*Supplied entries*.
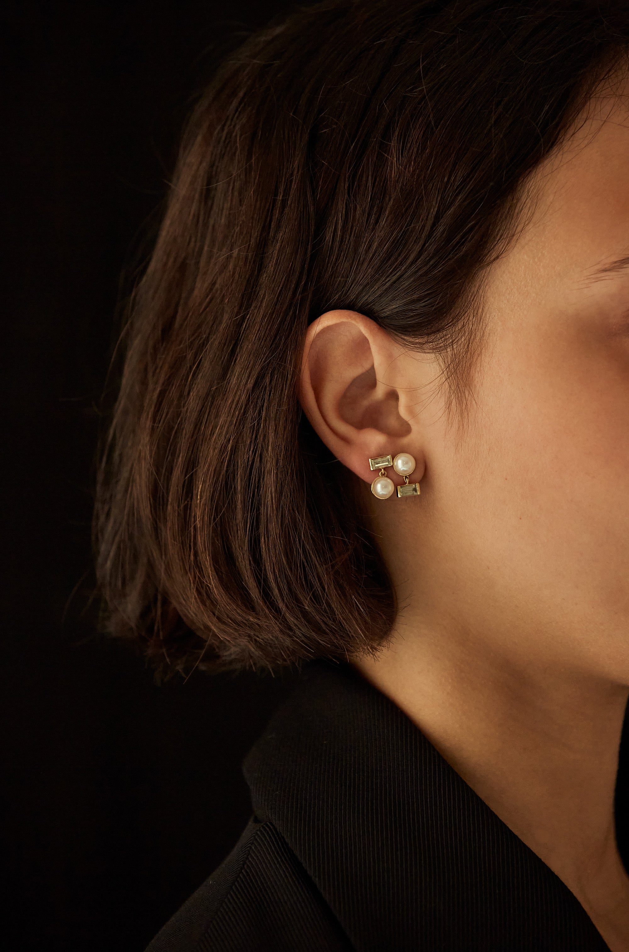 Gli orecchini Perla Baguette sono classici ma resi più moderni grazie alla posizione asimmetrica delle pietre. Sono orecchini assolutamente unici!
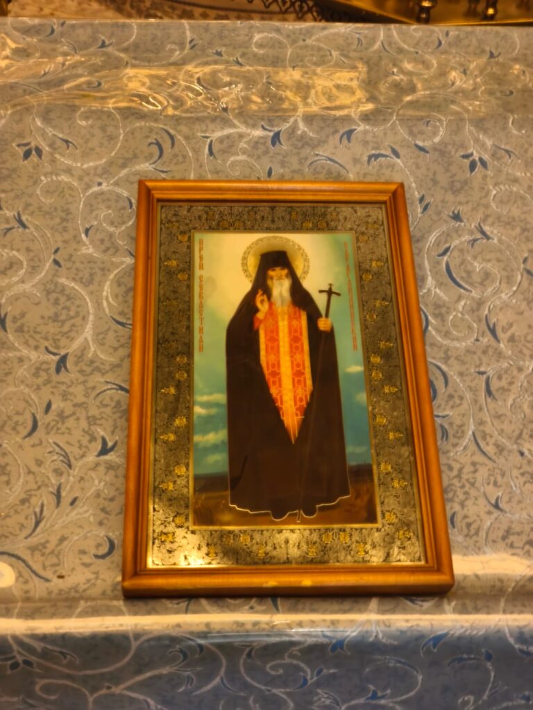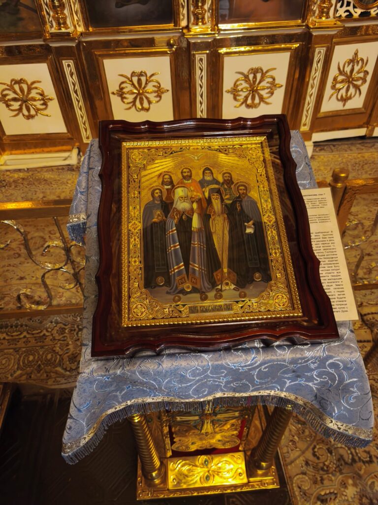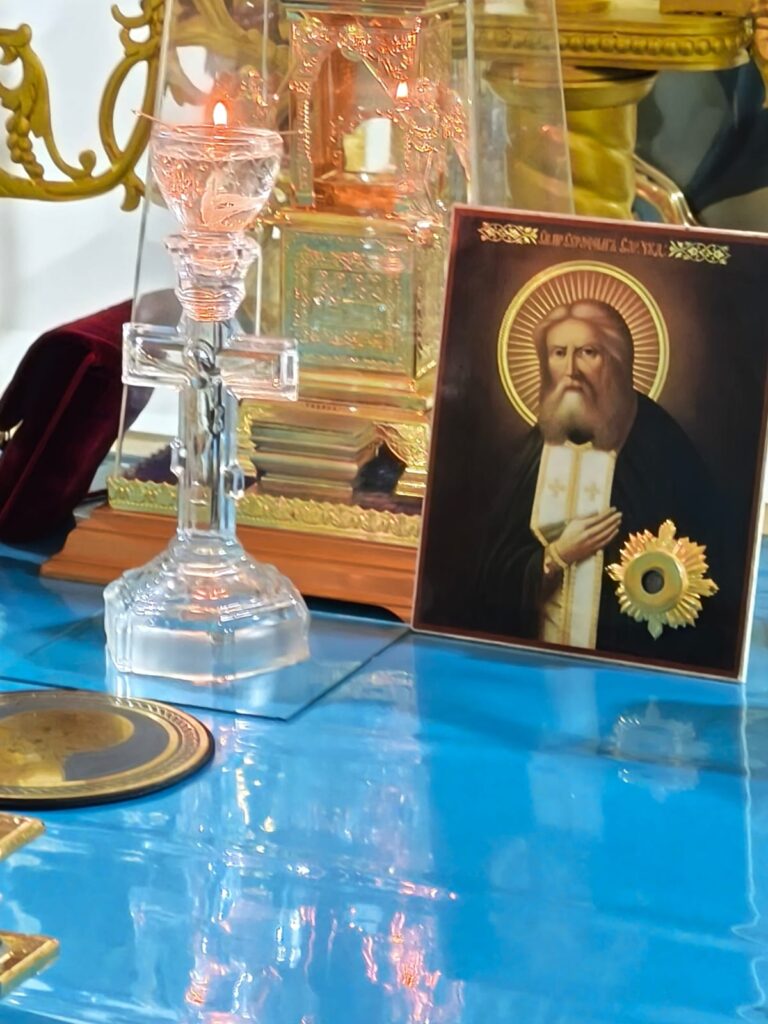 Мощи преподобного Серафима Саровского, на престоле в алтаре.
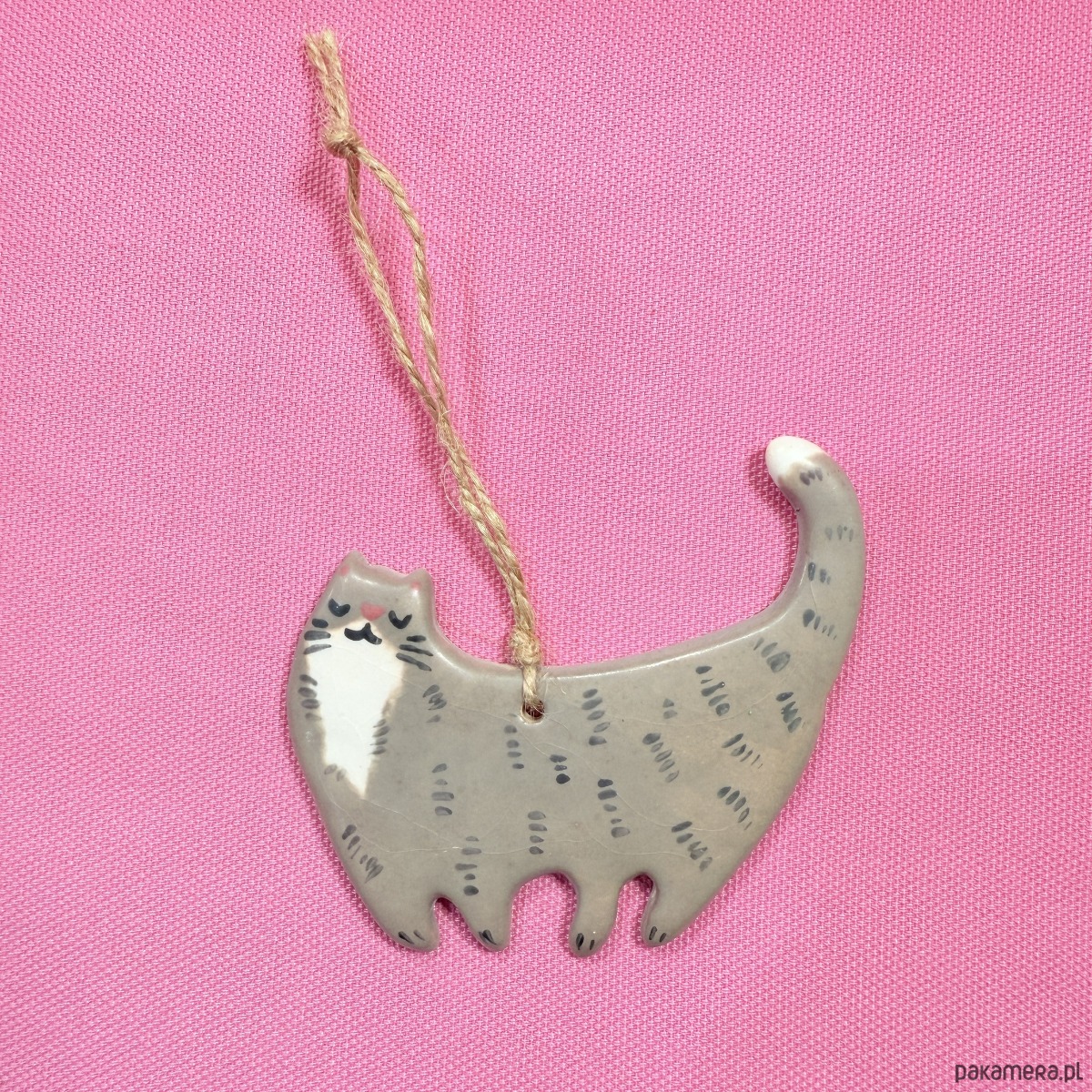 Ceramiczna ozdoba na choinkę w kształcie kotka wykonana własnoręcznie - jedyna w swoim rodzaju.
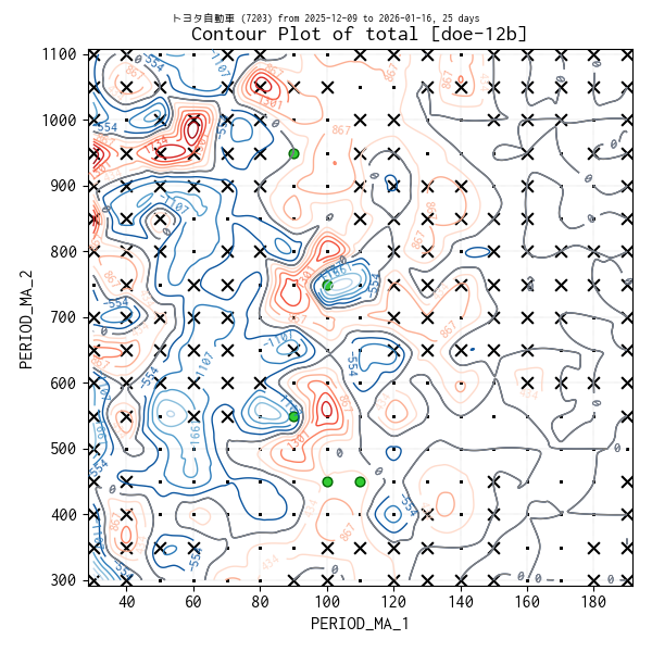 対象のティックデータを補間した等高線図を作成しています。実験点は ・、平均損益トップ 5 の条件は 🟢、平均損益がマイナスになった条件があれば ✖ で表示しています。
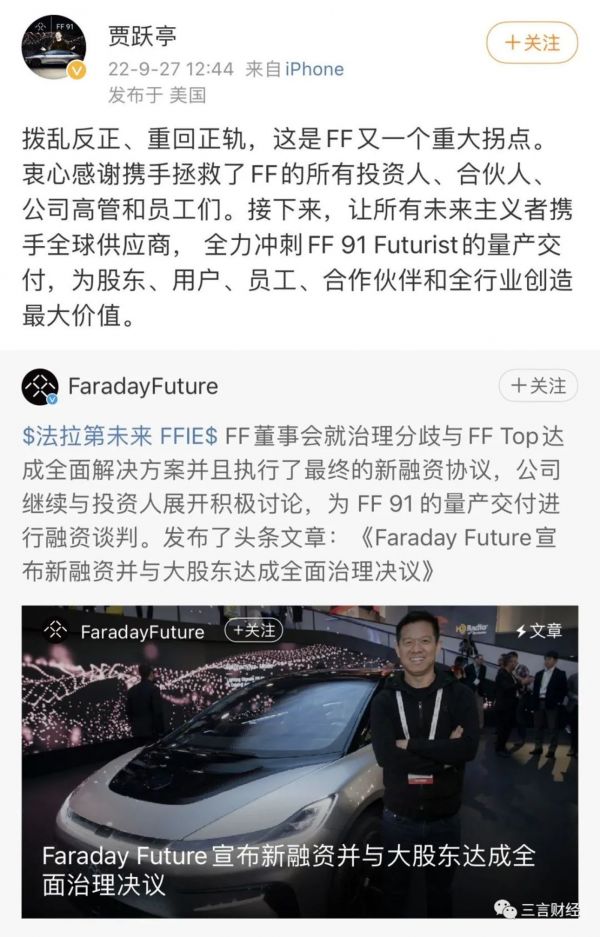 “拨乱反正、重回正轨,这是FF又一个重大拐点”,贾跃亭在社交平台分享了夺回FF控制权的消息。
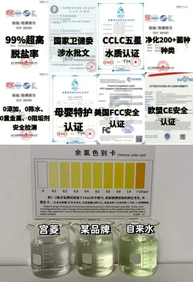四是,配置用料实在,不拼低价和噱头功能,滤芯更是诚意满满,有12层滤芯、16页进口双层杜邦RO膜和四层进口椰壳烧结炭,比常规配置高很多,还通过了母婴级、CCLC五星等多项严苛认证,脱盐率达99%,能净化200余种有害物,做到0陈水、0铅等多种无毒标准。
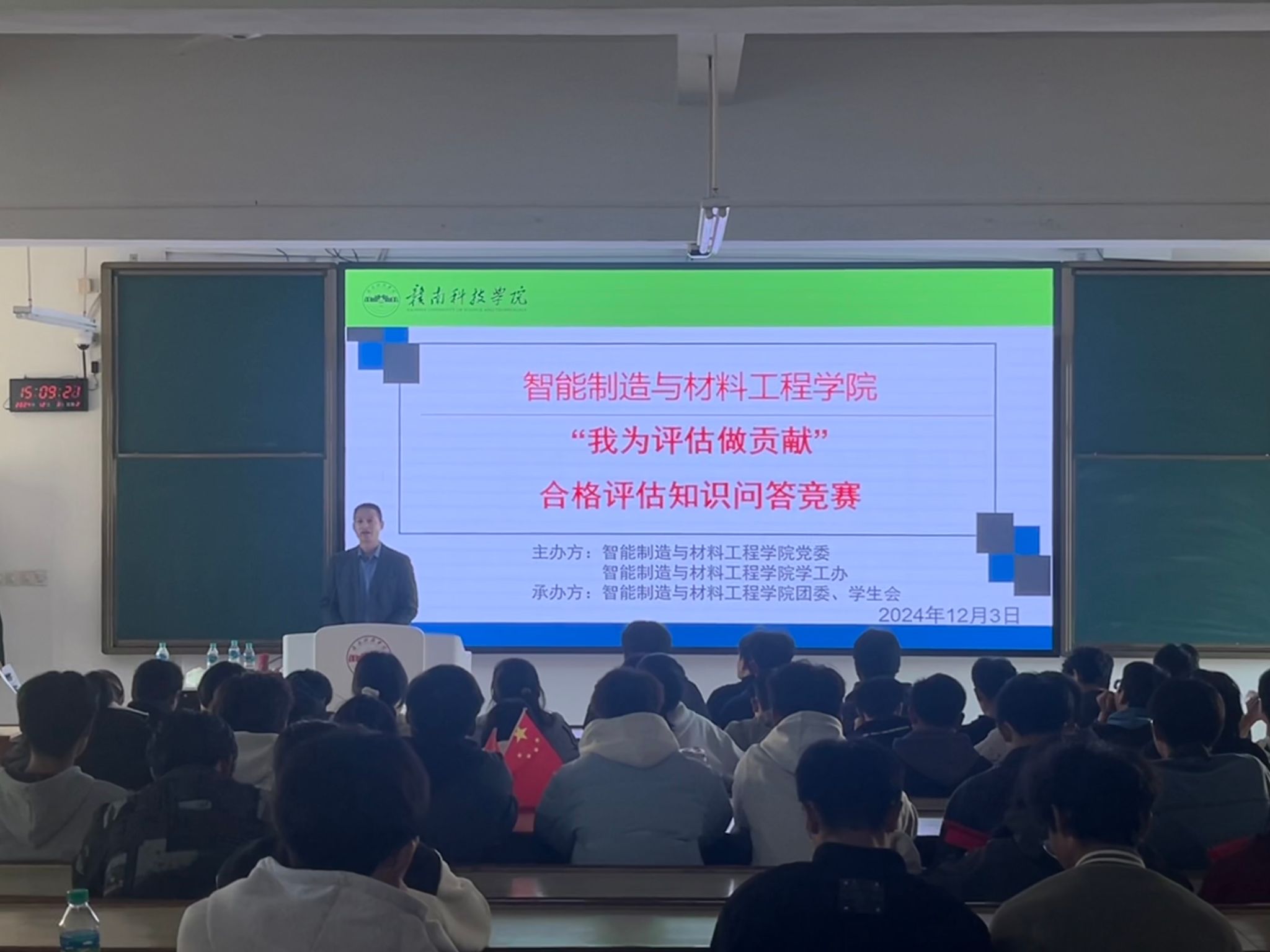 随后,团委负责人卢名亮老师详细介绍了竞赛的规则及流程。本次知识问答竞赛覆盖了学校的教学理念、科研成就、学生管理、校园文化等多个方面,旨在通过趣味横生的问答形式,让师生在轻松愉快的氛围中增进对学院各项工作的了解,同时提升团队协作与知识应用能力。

*Task to carry out*. Copy the records above from the first line through the line containing "Мощи преподобного Серафима", both included, and leave out any pictures.

*Written answer*.
 Gli orecchini Perla Baguette sono classici ma resi più moderni grazie alla posizione asimmetrica delle pietre. Sono orecchini assolutamente unici!
 Мощи преподобного Серафима Саровского, на престоле в алтаре.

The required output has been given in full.